13. A set-up according to claim 12, further characterized by an
image recorder (3) with multiple color channels (4) for the
recording of images of the tissue specimen (2) in different
stains.
14. A set-up according to claim 12 or 13, further characterized by
the fact that parameters selected with the imaging unit (5),
preferably size and/or shape and/or staining intensity, and/or
identified nuclei and/or identified cell objects and/or
reconstructed single cells and/or the number of identified nuclei
and/or the number of identified cell objects and/or reconstructed
single cells can be presented in mutual dependency of each other in
the form of histograms and/or scattergrams.
15. A set-up according to one of the claims 12 to 14, further
characterized by the ability of the imaging unit (5) to accentuate
and mark identified single cells in digital images of the tissue
specimen, when necessary in separate images for each stain.
Description
[0001] The invention concerns a procedure in accordance with the
preamble of the patent claim 1 as well as a set-up according to the
preamble of patent claim 12.
[0002] The classification of cells in tissue into exactly defined
cell types (i.e. epithelial cells, muscle cells, fibroblasts,
leukocytes, carcinoma cells, lymphoma) and the categorization of
their functional properties are performed using immunohistological
methods in cases where morphological characteristics are not
sufficient.
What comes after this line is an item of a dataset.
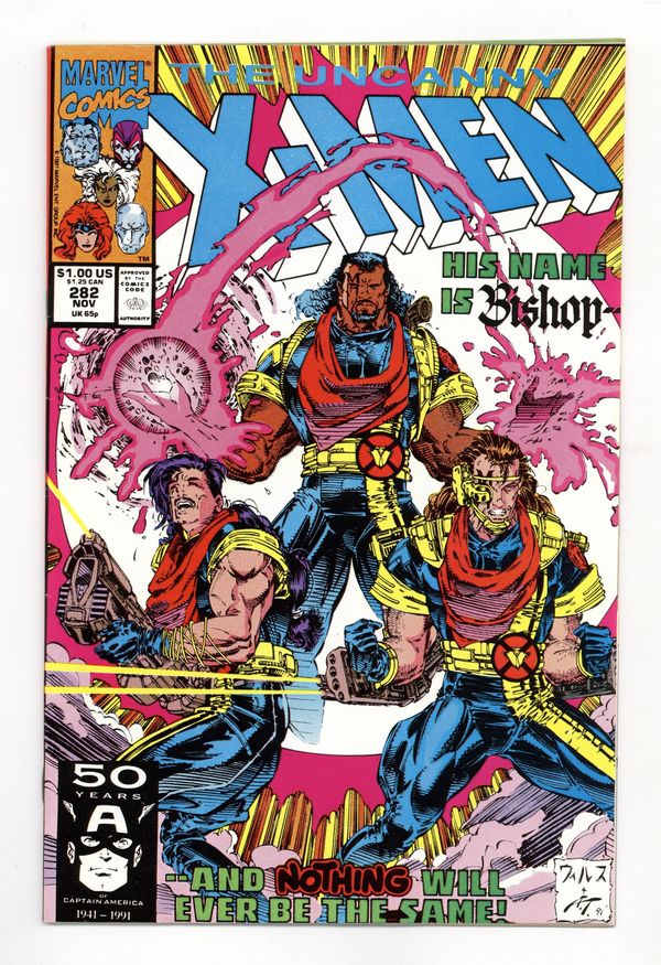Tags: X-Men$10.50Direct Edition. "Payback!" Story by Whilce Portacio and John Byrne. Art by Whilce Portacio and Art Thibert. In one fell swoop the Upstarts have destroyed the Reavers and crippled the Hellfire Club. Next up, the Mutant Liberation Front. Who can stop these powerful new foes? Enter: Bishop! NOTE: 1st appearance of Bishop. 40 pgs. Cover price $1.00.

Highly specific antibodies against characteristic cell
type specific antigens are employed in this method. Based on the
staining, corresponding conclusions can be drawn.
[0003] To date there has been a lack of an objective, automated
analysis system that is able to recognize the number of cells found
in a specimen, how many of these cells actually react with a
specific antibody or antibodies (in the case of multiple staining)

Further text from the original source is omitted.